Ferguson is no stranger to standing at the helm of one of the most successful operations in sport and was the manager who led Manchester United’s dominance in English football for 20 years.
His involvement in racing began on the Flat and he still has an involvement in that code, with Spirit Dancer a notable recent success having won the Bahrain International Trophy and the Neom Turf Cup over the winter.
Ferguson owns Spirit Dancer alongside Fred Done and Ged Mason, the latter of whom joins John Hales in making up the Ferguson-Mason-Hales trio that own both Protektorat and Monmiral.
Monmiral landed the Pertemps at 25-1 and Protektorat was a brilliant four-length winner of the Ryanair Chase, providing Ferguson with his first and then his second Cheltenham Festival winner in quick succession.
While Ferguson’s trainers, Paul Nicholls and Dan Skelton, trained four winners and a single winner respectively, it was Willie Mullins who dominated the meeting with nine winners, six seconds and six thirds.
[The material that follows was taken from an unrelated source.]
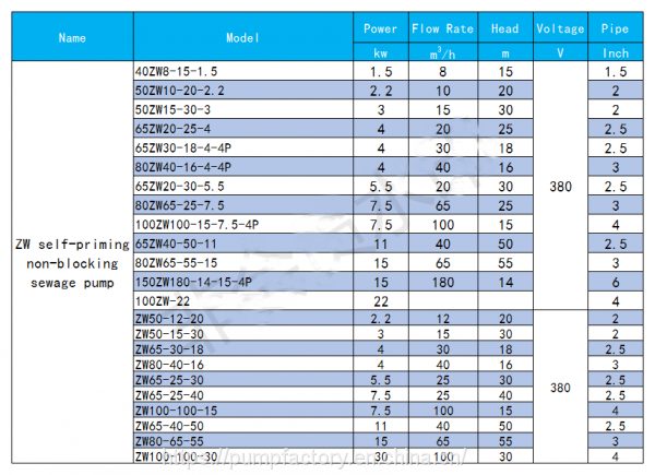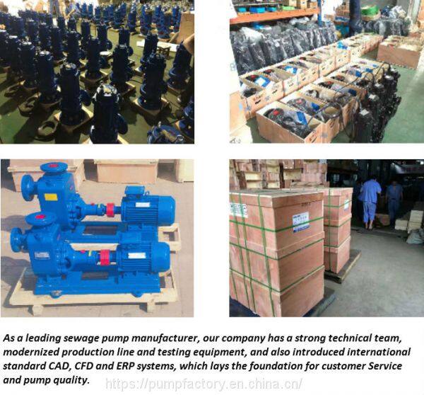 ZW self-priming non-clog submersible sewage pump/drainage pump (hereinafter called "pump") is integrative motor and pump. Which is manufactured based on absorbing domestic and foreign advanced technology and advantages. Impellor, designed with hydraulic model and made by precision casting, has the advantages of energy-saving, anti-winding and non-clogging, etc. At the same time, this sewage pump has a unique effect in the carriage of solid particles and long fibers garbage. Single or dual impellor structure ensures the sewage pump has the higher efficiency when it has bigger flow. So this kind of sewage pump is an ideal drainage pumps for industries and cities.

Among those winners was his 100th Cheltenham Festival victory, a landmark achievement that makes him the most successful trainer in the history of the fixture – a figure akin to the Ferguson of the racing world.
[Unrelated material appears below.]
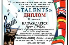 Дипломом 2 степени награжден Дуэт "TWIX" МБОУ "СОШ №31" на Республиканском фестивале-конкурсе вокалистов-исполнителей на иностранном языке "TALENTS" в номинации "Вокал-ансамбль" песни на языках ближнего зарубежья (средняя группа)под руководством Вахрушевой Л.В. и Бочкаревой С.В. Молодцы! Поздравляем!

“What Willie Mullins is doing is fantastic, brilliant,” Ferguson said of the Closutton trainer.
“You can only admire the man.”
Ruby Walsh, former stable jockey to Mullins, identified the similarities between the role of football manager and trainer, saying: “It’s awesome, an incredible achievement as a manager, because that what he is, a sporting manager.
“He is like the CEO, his wife is the CFO, his son is the managing director and he’s doing it all.
“He’s just an incredible manager, that’s what he is and the sport is lucky to have him.
“If he was in any other sport they wouldn’t be telling him he was too dominant.
“He’s just an incredible manager, that’s what he is and the sport is lucky to have him.”